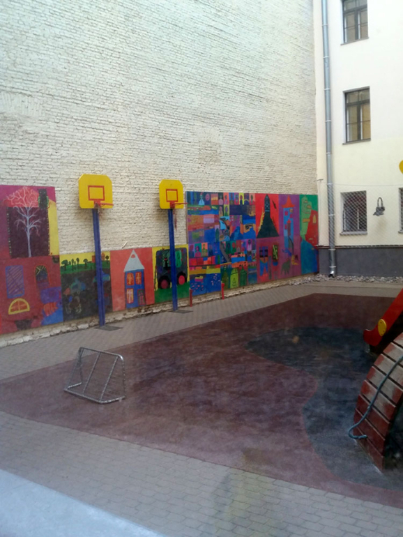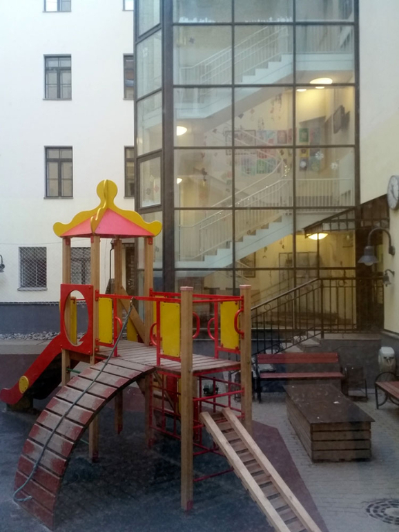 По всей квартире теплые полы и, хотя я не поклонник этого устройства, мы им активно пользовались, потому что везде лежит плитка, пол холодный, а мы (по традиции уже) заболели, преимущественно дети. И еще очень понравилось, что окна кухни выходят во двор школы (если не ошибаюсь, шведской школы, что очень вероятно, поскольку рядом генконсульство Швеции), а там детская площадка и остекленная лестница, где висят рисунки и разные поделки детей. Так приятно было за детьми наблюдать, как они бегают по лестнице на переменах и носятся по площадке даже в плохую погоду. Окна же комнат выходят в абсолютно тихий и безлюдный двор.
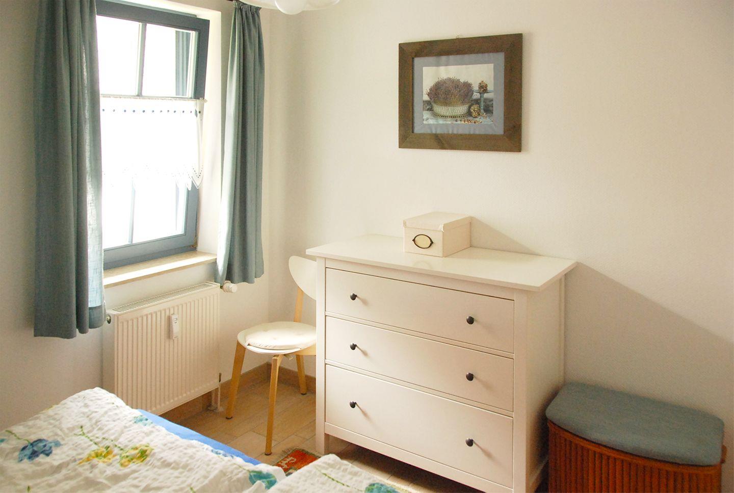 Ferienwohnung bis 3 Personen | Haustiere möglich | ca. 42 m² Wohnfläche | OG Wohnbereich mit Einbauküche, Bad, 1 Schlafzimmer | West-Balkon | 1 Parkplatz | Wohnbereich Esstisch, Schlafsofa, Sitzgarnitur, Radio mit CD/DVD-Player, TV SAT/Kabel | Einbauküche Backofen, Geschirrspüler, Herd, Kaffeemaschine, Kühlschrank mit Gefrierfach, Toaster, Wasserkocher | Bad Dusche, WC | 1 Schlafzimmer 1 Doppelbett (180 x 200 cm) | Fliegengitter | Gemeinschaftliche Nutzung von Fahrradschuppen, Spielplatz, Waschmaschine/Trockner, WLAN | ! Grillen nicht gestattet !
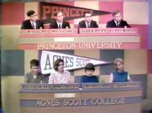 But even though it's old news by this time, I wanted to mention this, not only because it's one of the great stories in TV history, but because it also provides a nice little bookend to that Texas Western story above. Agnes Scott, like Texas Western, was a little-known school taking on a prestigeous opponent that considered itself a class above the rest; carrying the analogy a step further, Princeton was, in 1966, still an all-male institution, and one couldn't miss noticing the similarities between the two schools, Princeton and Kentucky, neither one appearing to have yet adapted to the changing times. There had been David vs. Goliath upsets on College Bowl in the past, but none, before or after, seemed to capture the imagination of people quite the way this one did. Reading the Slate story, you'll be charmed, I think by the accounts of the four women competing for Agnes Scott, particularly the remarkable story of Karen Gearreald, Agnes Scott's first blind student, and her recounting of how the winning answer came to her in a millisecond.
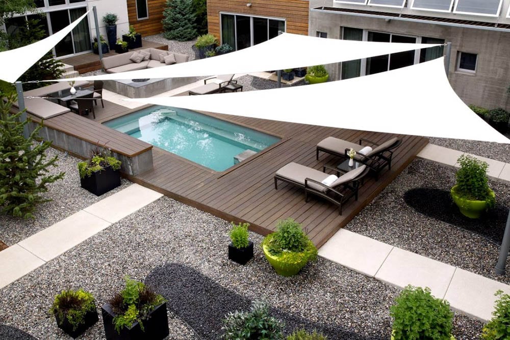Don’t feel limited to a simple patio umbrella. There are so many more stylish shade options: buying (or building) a pergola for a sitting or dining area, raising a Sun Sail for a more modern look, or hanging a large umbrella from your tree’s canopy.
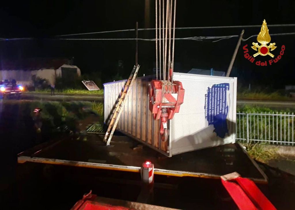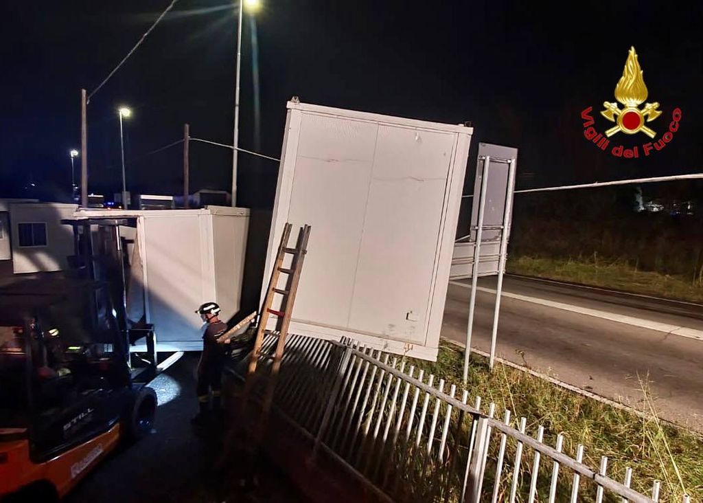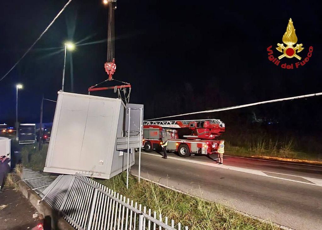 FOTO. Maltempo, volano in strada i container di una ditta e abbattono alcuni pali: danni a Uboldo
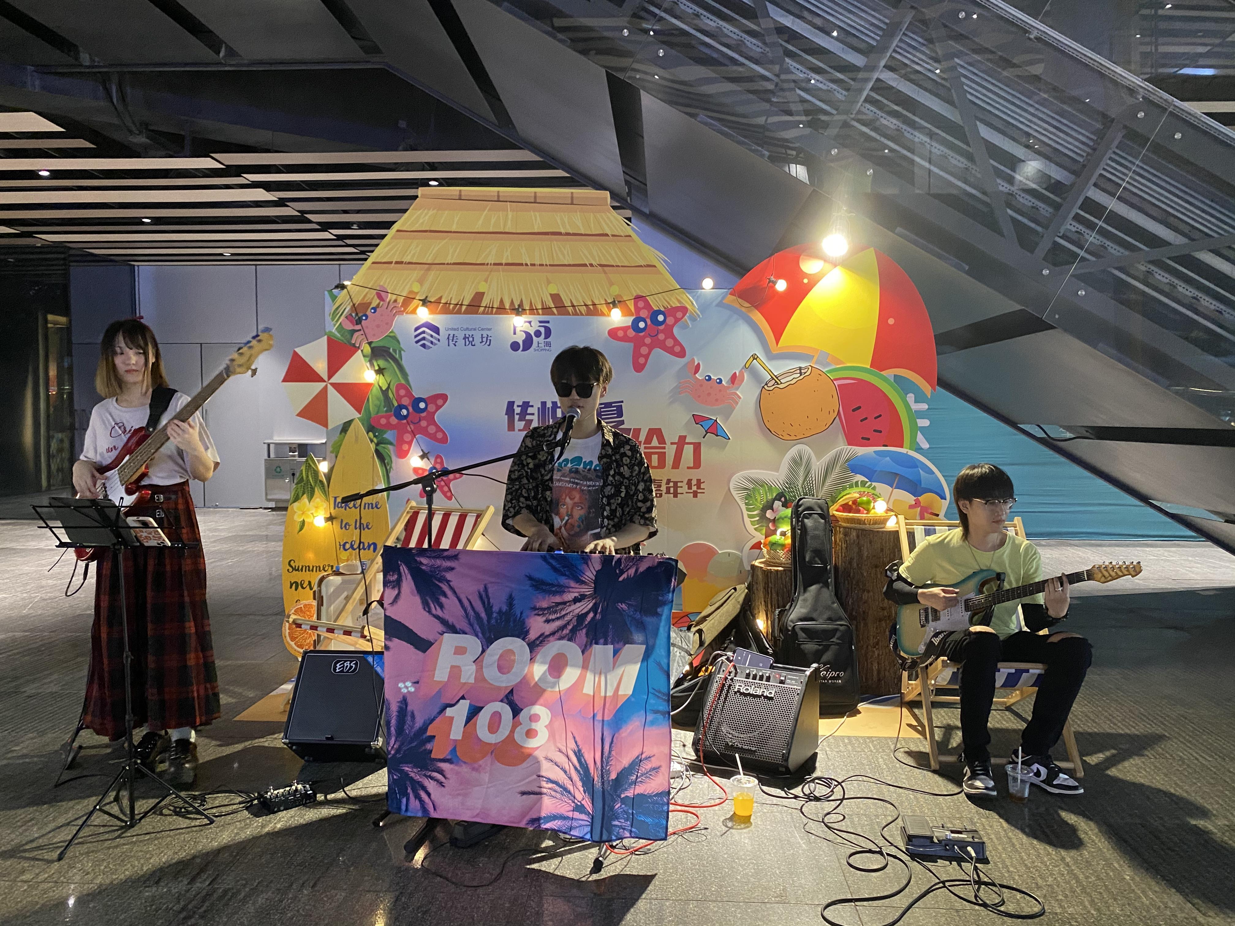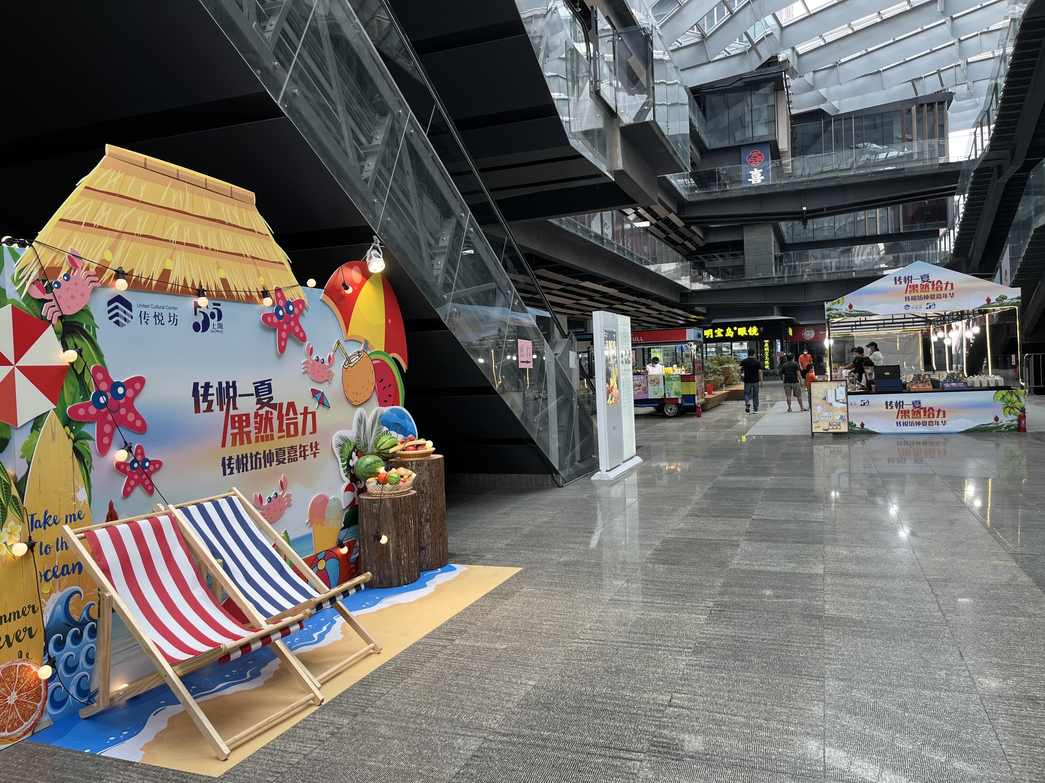 上报传悦坊营销总监张欣说:“现场有不少非遗民俗类内容,包括草编、捏泥人、还有龙凤字等,还有小朋友玩得游艺活动。包括周末的时候,我们还会请小丑表演和乐队演出,希望在这个炎炎夏日给奉贤市民带来一些清凉。”

──────────

- _WHAT THE TASK REQUIRES_
What you return must match the records exactly, apart from the images, which are omitted.

- _FINAL ANSWER_
 По всей квартире теплые полы и, хотя я не поклонник этого устройства, мы им активно пользовались, потому что везде лежит плитка, пол холодный, а мы (по традиции уже) заболели, преимущественно дети. И еще очень понравилось, что окна кухни выходят во двор школы (если не ошибаюсь, шведской школы, что очень вероятно, поскольку рядом генконсульство Швеции), а там детская площадка и остекленная лестница, где висят рисунки и разные поделки детей. Так приятно было за детьми наблюдать, как они бегают по лестнице на переменах и носятся по площадке даже в плохую погоду. Окна же комнат выходят в абсолютно тихий и безлюдный двор.
 Ferienwohnung bis 3 Personen | Haustiere möglich | ca. 42 m² Wohnfläche | OG Wohnbereich mit Einbauküche, Bad, 1 Schlafzimmer | West-Balkon | 1 Parkplatz | Wohnbereich Esstisch, Schlafsofa, Sitzgarnitur, Radio mit CD/DVD-Player, TV SAT/Kabel | Einbauküche Backofen, Geschirrspüler, Herd, Kaffeemaschine, Kühlschrank mit Gefrierfach, Toaster, Wasserkocher | Bad Dusche, WC | 1 Schlafzimmer 1 Doppelbett (180 x 200 cm) | Fliegengitter | Gemeinschaftliche Nutzung von Fahrradschuppen, Spielplatz, Waschmaschine/Trockner, WLAN | ! Grillen nicht gestattet !
 But even though it's old news by this time, I wanted to mention this, not only because it's one of the great stories in TV history, but because it also provides a nice little bookend to that Texas Western story above. Agnes Scott, like Texas Western, was a little-known school taking on a prestigeous opponent that considered itself a class above the rest; carrying the analogy a step further, Princeton was, in 1966, still an all-male institution, and one couldn't miss noticing the similarities between the two schools, Princeton and Kentucky, neither one appearing to have yet adapted to the changing times. There had been David vs. Goliath upsets on College Bowl in the past, but none, before or after, seemed to capture the imagination of people quite the way this one did. Reading the Slate story, you'll be charmed, I think by the accounts of the four women competing for Agnes Scott, particularly the remarkable story of Karen Gearreald, Agnes Scott's first blind student, and her recounting of how the winning answer came to her in a millisecond.
Don’t feel limited to a simple patio umbrella. There are so many more stylish shade options: buying (or building) a pergola for a sitting or dining area, raising a Sun Sail for a more modern look, or hanging a large umbrella from your tree’s canopy.
 FOTO. Maltempo, volano in strada i container di una ditta e abbattono alcuni pali: danni a Uboldo
 上报传悦坊营销总监张欣说:“现场有不少非遗民俗类内容,包括草编、捏泥人、还有龙凤字等,还有小朋友玩得游艺活动。包括周末的时候,我们还会请小丑表演和乐队演出,希望在这个炎炎夏日给奉贤市民带来一些清凉。”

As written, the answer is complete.